■ HOW TO COMPLETE THIS TASK: A faithful copy of the data below is required, leaving out every picture.

■ GIVEN DATA:
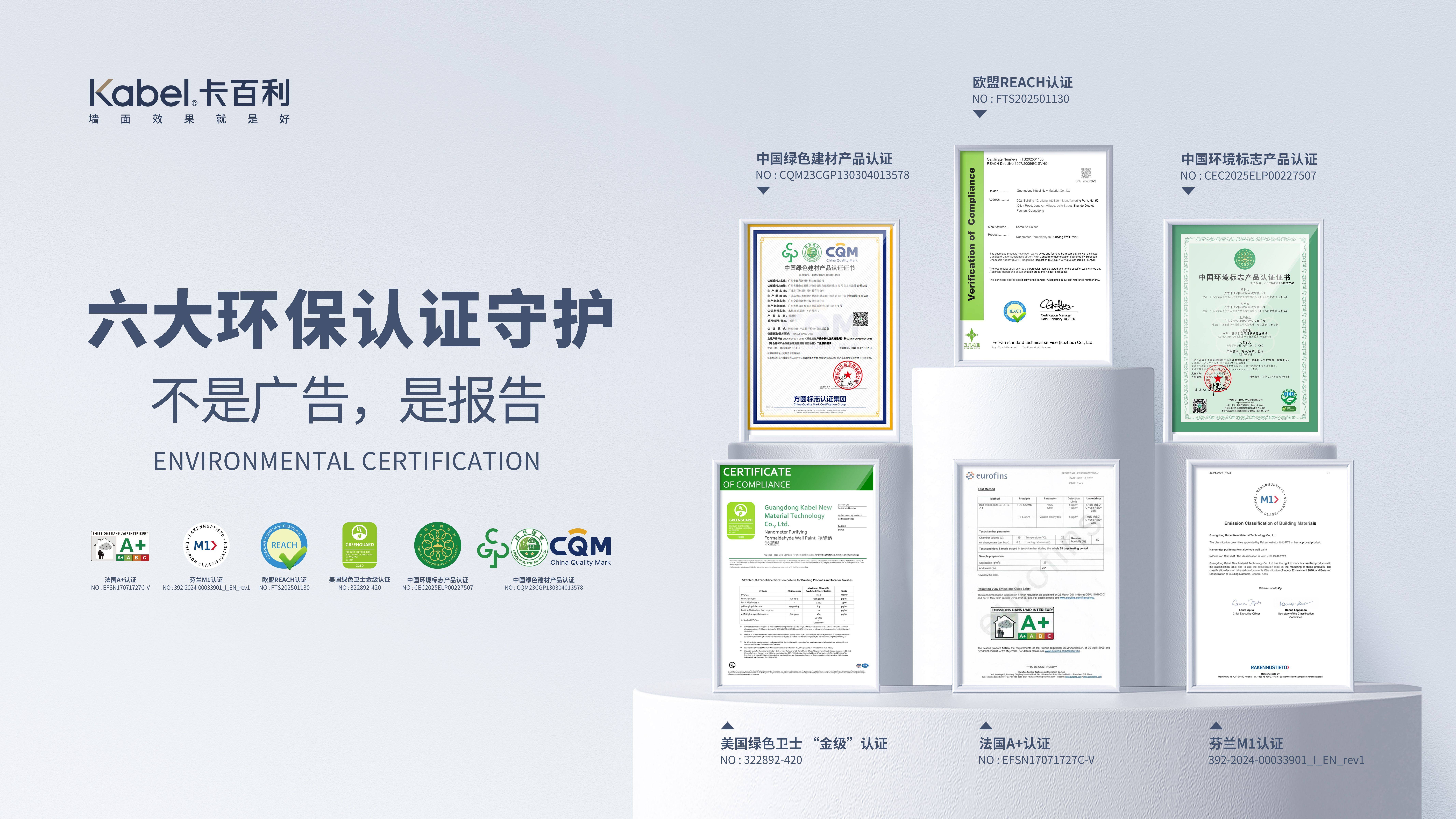 据了解,卡百利始终秉持绿色环保理念,持续加大研发投入,致力于打造健康、安全、环保的优质产品。我们的产品已通过多项国际权威认证,包括美国绿色卫士金级认证、法国A+、芬兰M1、欧盟Reach、绿色建材认证以及中国十环认证,严格遵循高标准环保要求,为客户提供可靠保障。
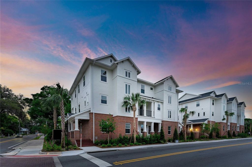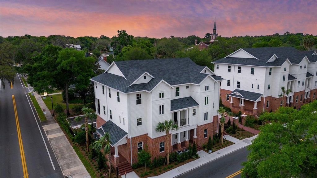 Experience vibrant downtown living in this brand-new, beautifully constructed townhome located just steps from Ocala's historic square, boutique shopping, and top-rated restaurants. This 3-bedroom, 3.5-bathroom residence offers the perfect blend of modern style, comfort, and convenience. Step inside to an open-concept living, dining, and kitchen space adorned with custom modern finishes, sleek cabinetry, and designer lighting. The gourmet kitchen is ideal for entertaining, flowing seamlessly into the spacious living area and out to a private balcony with stunning views of downtown. Each of the three levels has been thoughtfully designed, featuring a luxurious primary suite complete with a spa-inspired bathroom and an oversized walk-in closet. Two additional en-suite bedrooms provide comfort and privacy for guests or family members. Enjoy the convenience of a 2-car garage, low-maintenance living with HOA-managed landscaping, and the security of a gated community. Relax with neighbors at the community's gas firepit or take a short stroll to downtown Ocala. This is the ideal home for those seeking upscale, walkable city living with the peace of mind that comes with new construction.
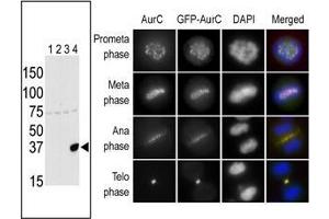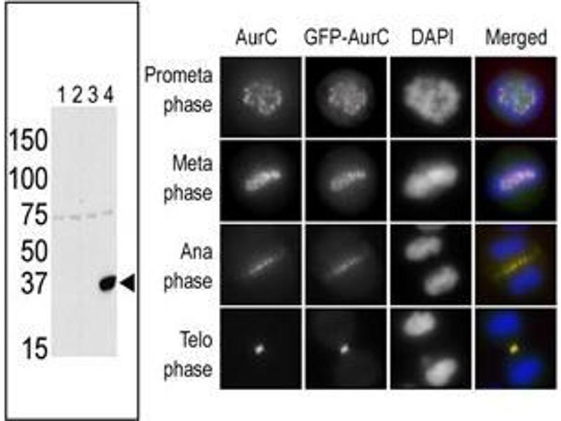 Chromosomal segregation during mitosis as well as meiosis is regulated by kinases and phosphatases. The Aurora kinases, members of the Ser/Thr protein kinase family, associate with microtubules during chromosome movement and segregation. Aurora kinase C may play a part in organizing microtubules in relation to the function of the centrosome/spindle pole during mitosis. This protein is localized to centrosome from anaphase to cytokinesis. Expression is limited to testis in normal cells. Elevated expression levels are seen only in a subset of cancer cells such as HepG2, HuH7 and HeLa cells. Aurora-C expression is maximum at M phase.Synonyms: AIE2, AIK3, AURKC, Aurora-C, Aurora/Ipl1-related kinase 3, Aurora/Ipl1/Eg2 protein 2, STK13, Serine/threonine-protein kinase 13
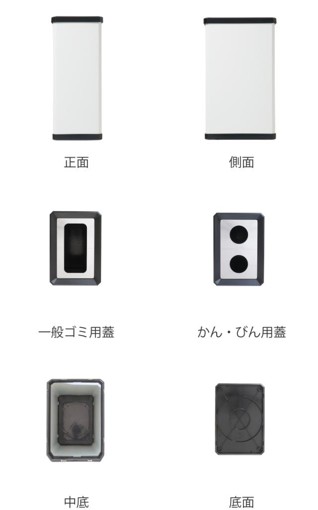 | 備考 | 一般ゴミ用ゴミ箱 重量:3.7kg かん・びん用ゴミ箱 重量:約3.8kg シール1枚入り(お客様貼り付け) 袋止め付 市販の45L用ポリ袋使用可能 グリーン購入法適合品 |

■ OUTPUT FOR THIS EXERCISE:
 据了解,卡百利始终秉持绿色环保理念,持续加大研发投入,致力于打造健康、安全、环保的优质产品。我们的产品已通过多项国际权威认证,包括美国绿色卫士金级认证、法国A+、芬兰M1、欧盟Reach、绿色建材认证以及中国十环认证,严格遵循高标准环保要求,为客户提供可靠保障。
 Experience vibrant downtown living in this brand-new, beautifully constructed townhome located just steps from Ocala's historic square, boutique shopping, and top-rated restaurants. This 3-bedroom, 3.5-bathroom residence offers the perfect blend of modern style, comfort, and convenience. Step inside to an open-concept living, dining, and kitchen space adorned with custom modern finishes, sleek cabinetry, and designer lighting. The gourmet kitchen is ideal for entertaining, flowing seamlessly into the spacious living area and out to a private balcony with stunning views of downtown. Each of the three levels has been thoughtfully designed, featuring a luxurious primary suite complete with a spa-inspired bathroom and an oversized walk-in closet. Two additional en-suite bedrooms provide comfort and privacy for guests or family members. Enjoy the convenience of a 2-car garage, low-maintenance living with HOA-managed landscaping, and the security of a gated community. Relax with neighbors at the community's gas firepit or take a short stroll to downtown Ocala. This is the ideal home for those seeking upscale, walkable city living with the peace of mind that comes with new construction.
 Chromosomal segregation during mitosis as well as meiosis is regulated by kinases and phosphatases. The Aurora kinases, members of the Ser/Thr protein kinase family, associate with microtubules during chromosome movement and segregation. Aurora kinase C may play a part in organizing microtubules in relation to the function of the centrosome/spindle pole during mitosis. This protein is localized to centrosome from anaphase to cytokinesis. Expression is limited to testis in normal cells. Elevated expression levels are seen only in a subset of cancer cells such as HepG2, HuH7 and HeLa cells. Aurora-C expression is maximum at M phase.Synonyms: AIE2, AIK3, AURKC, Aurora-C, Aurora/Ipl1-related kinase 3, Aurora/Ipl1/Eg2 protein 2, STK13, Serine/threonine-protein kinase 13
 | 備考 | 一般ゴミ用ゴミ箱 重量:3.7kg かん・びん用ゴミ箱 重量:約3.8kg シール1枚入り(お客様貼り付け) 袋止め付 市販の45L用ポリ袋使用可能 グリーン購入法適合品 |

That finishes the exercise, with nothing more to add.